Durch den Skandal um die Abhörpraktiken verschiedener Geheimdienste wird die Kritik der mangelnden Datensicherheit der elektronischen Gesundheitskarte aktueller denn je. Selbst wenn die Krankenkassen ein Bewusstsein für den wichtigen Schutz von Patientendaten entwickeln würden, könnte man immer noch nicht sicher sein, ob Geheimdienste wie die NSA oder die GCHQ die Verschlüsselungen nicht trotz allem knacken könnten. Wer kann schon wissen, ob die USA bei einem VISA-Antrag nicht auch unsere Patientenakten durchstöbern um ein vermeintlich klareres Bild von uns zu gewinnen?
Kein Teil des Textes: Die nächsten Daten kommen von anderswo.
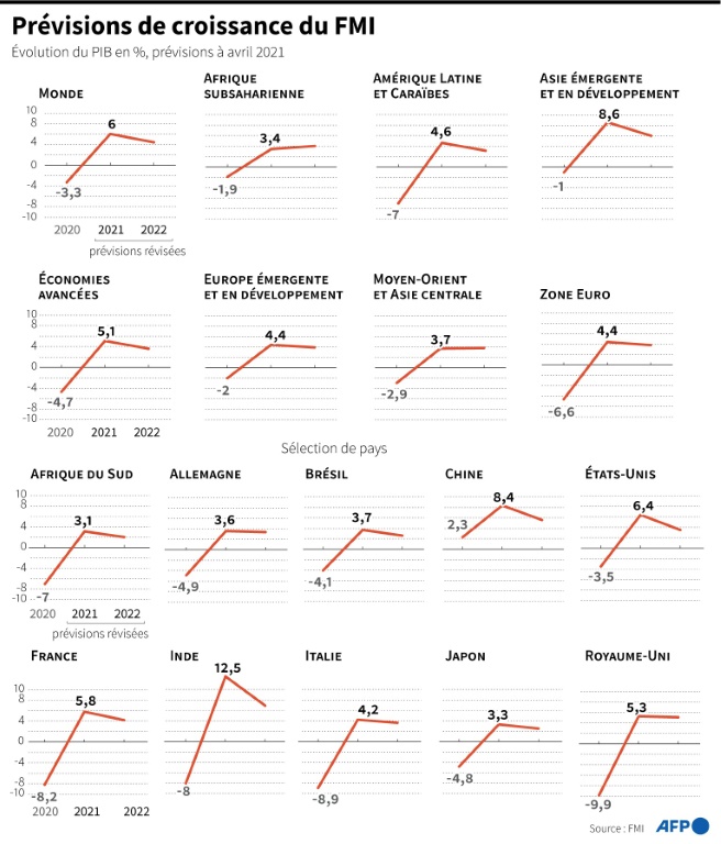 Si le FMI se félicite des retombées positives de la croissance américaine dans le monde, il fait aussi le constat d'une reprise "à plusieurs vitesses" avec de "nombreux pays" qui ne reviendront pas à leur niveau d'avant la pandémie avant 2023, quand la Chine a déjà retrouvé le sien dès 2020. Au sein même des pays avancés, l'écart se creuse avec des pays de la zone euro à la traîne: la croissance devrait atteindre 4,4% cette année, un rythme insuffisant pour effacer la contraction de 6,6% enregistrée l'an passé.
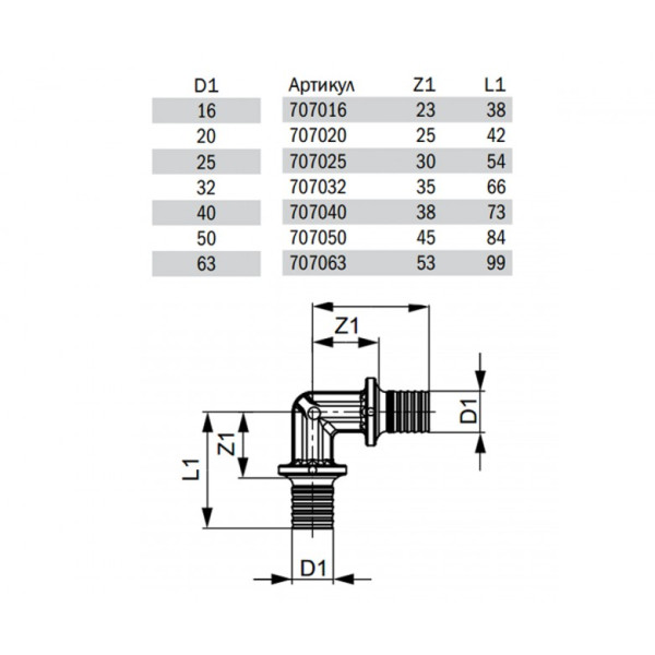Кутник з'єднувальний 90°, латунь 63 TECE
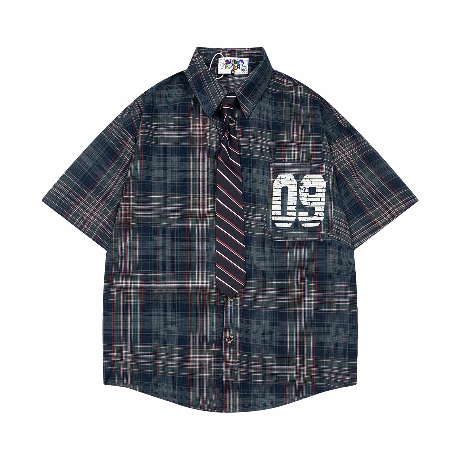 Retro Style: American retro college style plaid shirt with a classic tie design.

Die Daten liegen schließlich gesammelt und zentralisiert auf den Servern von IT-Dienstleistern.

Es ist ein Unterschied ob der Staat und seine Geheimdienste aktiv in die Privatsphäre seiner Bürgerinnen und Bürger eindringt, oder ob er unter großen Anstrengungen und hohem finanziellen Aufwand Ärzte per Gesetz dazu verpflichtet die sensibelsten Daten ihrer Patienten in ein von Grund auf unsicheres System einzuspeisen. Denn auch wenn es fragwürdig ist, ob sich die Bürgerinnen und Bürger im ersten Fall selbst schützen können (sie können es zumindest versuchen), haben sie im Falle der elektronischen Gesundheitskarte ab Januar 2014 keine Chance mehr, sich selbst dagegen zu wehren. Der Bürger wird gläsern, bis in den letzten intimsten Winkel.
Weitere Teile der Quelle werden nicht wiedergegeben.